▶ **What you should do**
Restate word for word the opening line of the data below and every line after it until the line with "根据媒体对N-35G的测试和", that line too, but not the pictures.
Source material section start
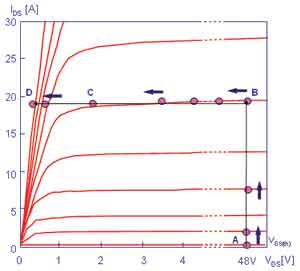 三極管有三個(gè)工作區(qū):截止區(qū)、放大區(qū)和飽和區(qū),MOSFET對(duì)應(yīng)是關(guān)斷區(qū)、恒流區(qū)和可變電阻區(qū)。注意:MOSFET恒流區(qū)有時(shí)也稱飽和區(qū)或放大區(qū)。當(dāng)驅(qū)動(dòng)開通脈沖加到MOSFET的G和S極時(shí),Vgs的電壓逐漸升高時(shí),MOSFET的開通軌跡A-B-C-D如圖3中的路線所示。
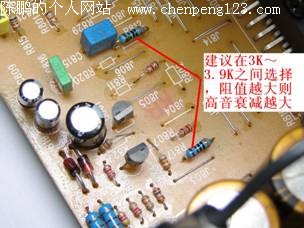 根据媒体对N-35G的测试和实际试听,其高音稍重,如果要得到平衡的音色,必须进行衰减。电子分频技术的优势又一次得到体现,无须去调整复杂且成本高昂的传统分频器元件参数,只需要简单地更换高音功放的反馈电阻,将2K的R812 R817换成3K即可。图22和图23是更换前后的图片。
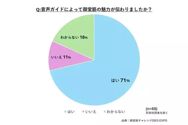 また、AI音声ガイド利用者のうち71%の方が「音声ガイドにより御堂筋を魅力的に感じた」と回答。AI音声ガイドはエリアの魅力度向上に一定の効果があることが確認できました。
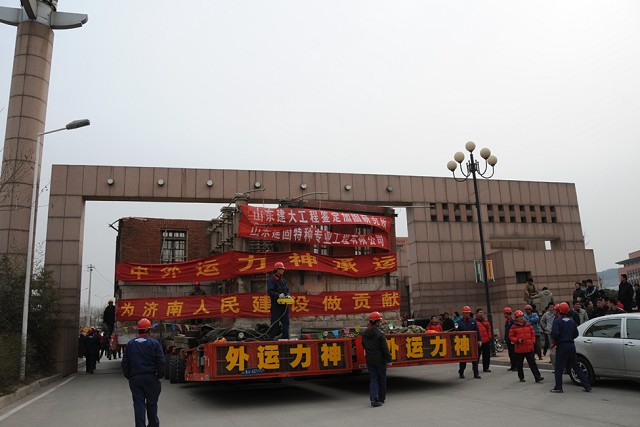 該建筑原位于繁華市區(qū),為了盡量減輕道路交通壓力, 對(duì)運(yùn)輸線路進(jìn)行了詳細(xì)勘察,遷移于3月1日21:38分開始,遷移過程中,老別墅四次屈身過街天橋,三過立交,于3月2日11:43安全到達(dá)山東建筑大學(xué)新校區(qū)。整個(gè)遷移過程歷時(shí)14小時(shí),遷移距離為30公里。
Source material section end
▶ **Expected output**
 三極管有三個(gè)工作區(qū):截止區(qū)、放大區(qū)和飽和區(qū),MOSFET對(duì)應(yīng)是關(guān)斷區(qū)、恒流區(qū)和可變電阻區(qū)。注意:MOSFET恒流區(qū)有時(shí)也稱飽和區(qū)或放大區(qū)。當(dāng)驅(qū)動(dòng)開通脈沖加到MOSFET的G和S極時(shí),Vgs的電壓逐漸升高時(shí),MOSFET的開通軌跡A-B-C-D如圖3中的路線所示。
 根据媒体对N-35G的测试和实际试听,其高音稍重,如果要得到平衡的音色,必须进行衰减。电子分频技术的优势又一次得到体现,无须去调整复杂且成本高昂的传统分频器元件参数,只需要简单地更换高音功放的反馈电阻,将2K的R812 R817换成3K即可。图22和图23是更换前后的图片。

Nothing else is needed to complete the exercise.